Thursday, April 7, 2011

Fucked Up Epiphany

What feels more torturous, the one you love doesnt love you back, or when she question your love ?

The latter one seems more intimidating to miss. Man it hurts, it hurts like hell. The one person you trust the most, you felt free the most to share with, so sweetly ask you to take an exit. That is so not fair, notice should have been issued to have change yourself beforehand. Its rightly said that your mind understand you the most in this entire world. Well it doesnt ever misunderstand you. Its the heart that longs for someone to understand the pain, the agony inside it. Its the heart that cries out loud to someone to understand its silence. Understand the emotions swirling inside it, without being told about. Fucking heart, not only end up hurting others, but also end up shattering into pieces itself. From where do i bring a tape strong enough to paste the broken pieces to make a whole new heart. Love is a strange thing, it makes people do stuffs that they doesnt like a bit. But still its worth it, its worth every bit of getting killed slowly.

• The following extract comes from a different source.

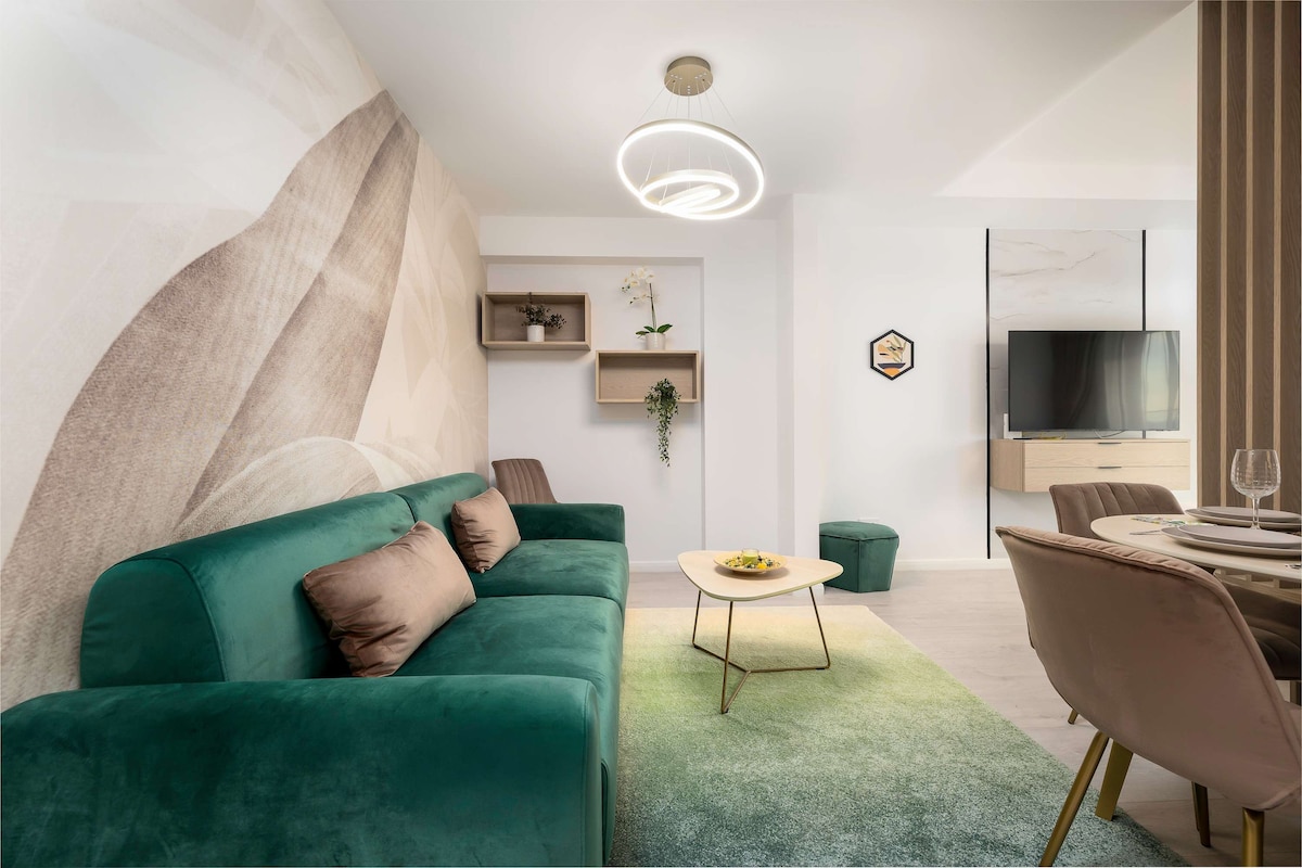 Have fun with the whole family in this stylishing place. Located in a newly developed neighbourhood, on the 2nd floor of a 2024 building block, with a smart detached layout, bedroom with matrimonial bed the space offered a fresh and modern living experience. Multiple shopping options in a walking distance Close to restaurants, recreational facilities, perfect for unwinding. Convenient public transport connections, with bus lines nearby. the poll is close to the apartment,it's called aqua garden

And here i promised to maintain a cool attitude. Now how do i restrict my idiotic thumping machine to keep things upto itself, to console itself when it needs one so dearly. To keep standing when it needs a shoulder to keep its head on. Seems funny actually to find yourself in such a fucked up situation, when you find yourself abandoned, when you had a hand always ready to catch your tears. I guess its just me and myself and I all over again. Now do i understand how it feels to be lonely, to be all alone. I feel so lonely, so desolute. Please come back honey !!.

So i would be logging on into, to pour out my hearts woe on a routine basis i guess. After all the anguish needs to be flushed somehow, let it be in form of writing then. This is to me, signing off to be back very soon.